Farmers look at clothes at a market in Zaozhuang city's Shanting district, in East China's Shandong province, before the Spring Festival.Li Zongxian / For China Daily

As she admired her tableware collection, Gao Shumei picked up one of the bowls and traced her fingers over the Chinese character fu, meaning good fortune, which was printed upon it.

"I buy new bowls and chopsticks every year for Chinese New Year. It is said that new tableware will bring bliss and longevity to the family," said the 75-year-old.

Gao lives in a remote village on the Loess Plateau in Gansu province. This year her granddaughter bought the family's new tableware online. It was chosen and ordered in minutes, but it has not always been so easy.

Just three decades ago, bartering was a much more common practice, Gao said.

In the late 1970s, when few Chinese traveled extensively, villagers had to wait for traveling vendors, who would hawk their goods from village to village and often walk for miles in between.

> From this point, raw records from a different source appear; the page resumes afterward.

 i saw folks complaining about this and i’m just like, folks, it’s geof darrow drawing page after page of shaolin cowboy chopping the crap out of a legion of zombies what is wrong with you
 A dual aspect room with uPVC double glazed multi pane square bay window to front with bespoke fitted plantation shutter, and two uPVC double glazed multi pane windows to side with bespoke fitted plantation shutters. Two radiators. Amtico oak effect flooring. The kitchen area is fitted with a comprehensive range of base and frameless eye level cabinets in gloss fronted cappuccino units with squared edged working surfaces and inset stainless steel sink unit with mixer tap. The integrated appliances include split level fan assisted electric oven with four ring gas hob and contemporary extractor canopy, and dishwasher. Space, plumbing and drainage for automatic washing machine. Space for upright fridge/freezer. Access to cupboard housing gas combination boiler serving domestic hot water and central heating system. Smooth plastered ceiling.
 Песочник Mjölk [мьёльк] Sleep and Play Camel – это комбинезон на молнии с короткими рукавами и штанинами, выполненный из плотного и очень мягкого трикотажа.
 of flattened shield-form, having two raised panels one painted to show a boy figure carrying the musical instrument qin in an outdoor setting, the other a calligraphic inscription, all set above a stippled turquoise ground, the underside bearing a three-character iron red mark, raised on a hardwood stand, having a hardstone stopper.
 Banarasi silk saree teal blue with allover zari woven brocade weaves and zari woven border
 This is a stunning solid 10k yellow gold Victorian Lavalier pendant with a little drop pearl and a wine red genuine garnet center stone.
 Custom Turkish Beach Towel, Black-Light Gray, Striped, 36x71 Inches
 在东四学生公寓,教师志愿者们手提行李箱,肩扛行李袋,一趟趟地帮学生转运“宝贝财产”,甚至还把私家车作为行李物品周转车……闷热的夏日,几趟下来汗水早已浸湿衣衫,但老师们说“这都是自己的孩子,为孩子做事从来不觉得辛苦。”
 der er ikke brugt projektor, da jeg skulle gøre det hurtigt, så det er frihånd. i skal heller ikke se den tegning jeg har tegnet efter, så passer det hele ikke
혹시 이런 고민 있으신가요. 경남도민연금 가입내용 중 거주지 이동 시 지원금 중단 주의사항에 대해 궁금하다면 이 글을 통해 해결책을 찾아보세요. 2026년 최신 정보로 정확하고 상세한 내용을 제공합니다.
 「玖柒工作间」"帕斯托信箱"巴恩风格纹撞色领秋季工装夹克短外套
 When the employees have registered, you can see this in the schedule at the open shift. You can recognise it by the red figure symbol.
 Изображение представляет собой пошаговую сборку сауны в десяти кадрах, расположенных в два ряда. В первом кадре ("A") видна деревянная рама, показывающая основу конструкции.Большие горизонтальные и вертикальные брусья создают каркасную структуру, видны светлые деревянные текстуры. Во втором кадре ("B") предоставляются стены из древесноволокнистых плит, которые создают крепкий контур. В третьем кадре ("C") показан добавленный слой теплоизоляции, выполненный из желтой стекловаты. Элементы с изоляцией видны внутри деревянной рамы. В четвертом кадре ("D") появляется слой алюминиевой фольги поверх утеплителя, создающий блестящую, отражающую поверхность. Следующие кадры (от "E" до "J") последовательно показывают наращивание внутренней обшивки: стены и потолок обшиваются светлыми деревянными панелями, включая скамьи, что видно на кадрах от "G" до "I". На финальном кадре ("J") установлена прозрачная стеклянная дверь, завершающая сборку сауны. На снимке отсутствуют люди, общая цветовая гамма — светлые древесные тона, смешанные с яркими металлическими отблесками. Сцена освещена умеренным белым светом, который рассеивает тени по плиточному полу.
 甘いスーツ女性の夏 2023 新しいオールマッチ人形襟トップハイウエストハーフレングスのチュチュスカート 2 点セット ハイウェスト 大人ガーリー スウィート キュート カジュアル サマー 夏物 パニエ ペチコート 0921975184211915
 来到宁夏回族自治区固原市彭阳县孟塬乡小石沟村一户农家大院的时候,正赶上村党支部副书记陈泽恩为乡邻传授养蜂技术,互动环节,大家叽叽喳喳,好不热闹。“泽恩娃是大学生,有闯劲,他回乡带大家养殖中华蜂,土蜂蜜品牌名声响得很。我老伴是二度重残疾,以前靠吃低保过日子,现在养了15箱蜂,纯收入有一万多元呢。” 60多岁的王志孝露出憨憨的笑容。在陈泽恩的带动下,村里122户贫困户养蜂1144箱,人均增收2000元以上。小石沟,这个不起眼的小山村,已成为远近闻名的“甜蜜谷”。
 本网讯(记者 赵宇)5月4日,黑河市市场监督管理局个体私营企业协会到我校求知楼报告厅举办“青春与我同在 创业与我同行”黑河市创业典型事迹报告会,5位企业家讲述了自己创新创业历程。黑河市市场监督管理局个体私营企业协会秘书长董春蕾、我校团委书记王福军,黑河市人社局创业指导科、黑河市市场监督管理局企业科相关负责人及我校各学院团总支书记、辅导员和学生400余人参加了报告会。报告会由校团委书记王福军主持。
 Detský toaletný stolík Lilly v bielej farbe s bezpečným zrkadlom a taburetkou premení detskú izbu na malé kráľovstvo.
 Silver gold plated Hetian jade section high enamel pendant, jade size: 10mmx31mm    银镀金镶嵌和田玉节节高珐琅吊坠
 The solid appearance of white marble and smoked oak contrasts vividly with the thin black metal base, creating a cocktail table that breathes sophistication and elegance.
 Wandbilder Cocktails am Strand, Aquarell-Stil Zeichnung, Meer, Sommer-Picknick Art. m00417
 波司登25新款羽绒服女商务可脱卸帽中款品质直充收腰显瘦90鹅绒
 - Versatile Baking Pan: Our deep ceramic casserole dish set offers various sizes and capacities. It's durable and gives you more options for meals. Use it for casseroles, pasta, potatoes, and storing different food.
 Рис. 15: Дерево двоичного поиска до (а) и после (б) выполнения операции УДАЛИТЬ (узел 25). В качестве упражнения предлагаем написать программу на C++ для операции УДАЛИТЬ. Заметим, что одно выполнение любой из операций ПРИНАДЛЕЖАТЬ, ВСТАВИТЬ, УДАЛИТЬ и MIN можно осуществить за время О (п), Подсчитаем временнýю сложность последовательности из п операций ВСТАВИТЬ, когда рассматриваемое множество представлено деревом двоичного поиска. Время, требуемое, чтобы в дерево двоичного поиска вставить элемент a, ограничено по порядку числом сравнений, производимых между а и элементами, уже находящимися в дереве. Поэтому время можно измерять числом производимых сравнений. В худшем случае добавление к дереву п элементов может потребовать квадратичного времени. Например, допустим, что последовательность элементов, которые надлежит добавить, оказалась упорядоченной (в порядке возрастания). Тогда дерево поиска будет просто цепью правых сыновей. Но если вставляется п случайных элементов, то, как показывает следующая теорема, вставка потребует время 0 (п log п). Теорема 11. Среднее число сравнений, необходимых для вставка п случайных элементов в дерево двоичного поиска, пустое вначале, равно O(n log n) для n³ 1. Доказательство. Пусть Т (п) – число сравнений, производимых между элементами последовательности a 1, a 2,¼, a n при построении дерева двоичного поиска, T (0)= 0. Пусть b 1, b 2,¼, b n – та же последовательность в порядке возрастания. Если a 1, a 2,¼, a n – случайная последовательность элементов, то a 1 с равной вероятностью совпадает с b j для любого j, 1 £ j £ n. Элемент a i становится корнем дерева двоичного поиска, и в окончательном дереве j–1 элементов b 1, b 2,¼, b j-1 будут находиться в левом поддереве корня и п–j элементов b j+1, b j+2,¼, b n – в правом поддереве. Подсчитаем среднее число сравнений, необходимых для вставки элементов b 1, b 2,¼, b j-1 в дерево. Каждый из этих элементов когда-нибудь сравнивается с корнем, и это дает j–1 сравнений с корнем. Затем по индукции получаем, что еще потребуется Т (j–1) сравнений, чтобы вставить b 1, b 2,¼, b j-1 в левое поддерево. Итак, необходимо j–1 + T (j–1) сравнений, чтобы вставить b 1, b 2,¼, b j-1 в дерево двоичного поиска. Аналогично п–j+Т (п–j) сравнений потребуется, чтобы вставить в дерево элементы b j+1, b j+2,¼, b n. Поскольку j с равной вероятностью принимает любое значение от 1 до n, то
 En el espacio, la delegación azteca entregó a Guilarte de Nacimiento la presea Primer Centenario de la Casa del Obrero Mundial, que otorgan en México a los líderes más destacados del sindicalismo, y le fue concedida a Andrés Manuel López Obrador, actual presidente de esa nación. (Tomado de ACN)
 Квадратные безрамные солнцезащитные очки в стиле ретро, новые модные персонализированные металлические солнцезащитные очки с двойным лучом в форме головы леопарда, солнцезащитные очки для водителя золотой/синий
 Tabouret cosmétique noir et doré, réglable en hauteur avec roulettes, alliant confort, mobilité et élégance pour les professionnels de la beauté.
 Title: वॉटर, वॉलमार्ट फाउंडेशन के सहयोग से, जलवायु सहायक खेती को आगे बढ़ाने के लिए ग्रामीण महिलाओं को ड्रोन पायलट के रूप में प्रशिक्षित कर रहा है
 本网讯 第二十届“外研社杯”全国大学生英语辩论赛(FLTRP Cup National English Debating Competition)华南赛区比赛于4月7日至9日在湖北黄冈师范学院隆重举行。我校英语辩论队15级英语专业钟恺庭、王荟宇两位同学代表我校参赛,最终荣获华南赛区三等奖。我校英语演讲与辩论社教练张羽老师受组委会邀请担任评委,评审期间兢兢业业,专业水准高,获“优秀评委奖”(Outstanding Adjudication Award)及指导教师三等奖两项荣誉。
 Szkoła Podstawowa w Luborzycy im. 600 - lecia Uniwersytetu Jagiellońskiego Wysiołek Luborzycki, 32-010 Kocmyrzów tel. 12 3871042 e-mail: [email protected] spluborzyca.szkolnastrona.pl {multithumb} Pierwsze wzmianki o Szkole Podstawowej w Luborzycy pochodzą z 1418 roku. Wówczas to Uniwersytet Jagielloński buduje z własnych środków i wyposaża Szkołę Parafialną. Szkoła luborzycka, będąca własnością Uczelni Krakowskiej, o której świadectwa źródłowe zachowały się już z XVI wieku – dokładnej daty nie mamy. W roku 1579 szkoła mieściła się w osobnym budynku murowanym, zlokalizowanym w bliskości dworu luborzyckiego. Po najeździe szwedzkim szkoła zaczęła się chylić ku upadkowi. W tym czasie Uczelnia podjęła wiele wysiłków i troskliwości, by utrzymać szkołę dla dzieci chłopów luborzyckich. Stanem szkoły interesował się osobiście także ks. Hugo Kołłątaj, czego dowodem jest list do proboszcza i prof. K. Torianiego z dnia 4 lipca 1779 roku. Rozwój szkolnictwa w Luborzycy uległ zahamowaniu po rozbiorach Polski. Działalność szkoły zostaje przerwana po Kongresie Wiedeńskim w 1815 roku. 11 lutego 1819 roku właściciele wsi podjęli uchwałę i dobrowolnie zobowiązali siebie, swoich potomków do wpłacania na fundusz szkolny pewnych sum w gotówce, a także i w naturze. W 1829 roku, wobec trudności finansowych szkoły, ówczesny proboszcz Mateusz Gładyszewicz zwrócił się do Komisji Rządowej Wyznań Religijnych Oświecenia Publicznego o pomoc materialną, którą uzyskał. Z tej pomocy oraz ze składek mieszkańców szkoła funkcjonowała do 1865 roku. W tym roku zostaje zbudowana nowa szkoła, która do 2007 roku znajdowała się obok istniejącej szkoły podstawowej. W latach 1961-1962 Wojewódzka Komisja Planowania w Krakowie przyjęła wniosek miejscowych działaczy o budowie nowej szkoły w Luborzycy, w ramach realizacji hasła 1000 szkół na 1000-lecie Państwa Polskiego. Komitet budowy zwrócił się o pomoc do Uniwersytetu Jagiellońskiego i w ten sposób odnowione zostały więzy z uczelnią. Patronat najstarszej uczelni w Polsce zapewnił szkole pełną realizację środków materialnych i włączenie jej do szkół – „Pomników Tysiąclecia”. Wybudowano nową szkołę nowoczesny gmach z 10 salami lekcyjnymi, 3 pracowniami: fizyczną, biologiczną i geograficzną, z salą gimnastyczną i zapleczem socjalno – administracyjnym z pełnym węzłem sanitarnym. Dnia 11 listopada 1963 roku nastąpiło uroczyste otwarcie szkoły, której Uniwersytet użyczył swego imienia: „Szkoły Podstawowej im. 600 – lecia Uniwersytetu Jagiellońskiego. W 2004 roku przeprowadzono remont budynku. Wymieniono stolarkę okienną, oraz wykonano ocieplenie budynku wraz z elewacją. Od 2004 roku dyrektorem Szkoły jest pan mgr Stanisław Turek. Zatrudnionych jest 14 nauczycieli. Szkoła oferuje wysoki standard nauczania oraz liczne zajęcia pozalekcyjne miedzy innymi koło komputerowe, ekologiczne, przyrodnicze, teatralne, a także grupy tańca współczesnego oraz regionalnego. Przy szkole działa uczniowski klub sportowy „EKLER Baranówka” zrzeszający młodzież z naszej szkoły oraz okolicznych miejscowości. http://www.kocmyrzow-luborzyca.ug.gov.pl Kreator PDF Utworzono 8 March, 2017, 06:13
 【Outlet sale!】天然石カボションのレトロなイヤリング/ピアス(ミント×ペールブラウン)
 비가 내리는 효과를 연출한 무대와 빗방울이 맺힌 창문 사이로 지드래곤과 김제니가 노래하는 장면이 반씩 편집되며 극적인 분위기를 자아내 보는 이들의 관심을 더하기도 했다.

Each salesman would make their own sound, usually using a bell or a whistle, to alert the village to what they were selling.

"I still get excited when I hear a rattle drum. I catch myself, even now, glancing at the window expecting to see the peddler arriving," Gao recalled.

One year, she swapped a bag of grain grown on her family lot for a pair of blue-striped porcelain bowls. These bowls, however, were not meant for the annual reunion dinner.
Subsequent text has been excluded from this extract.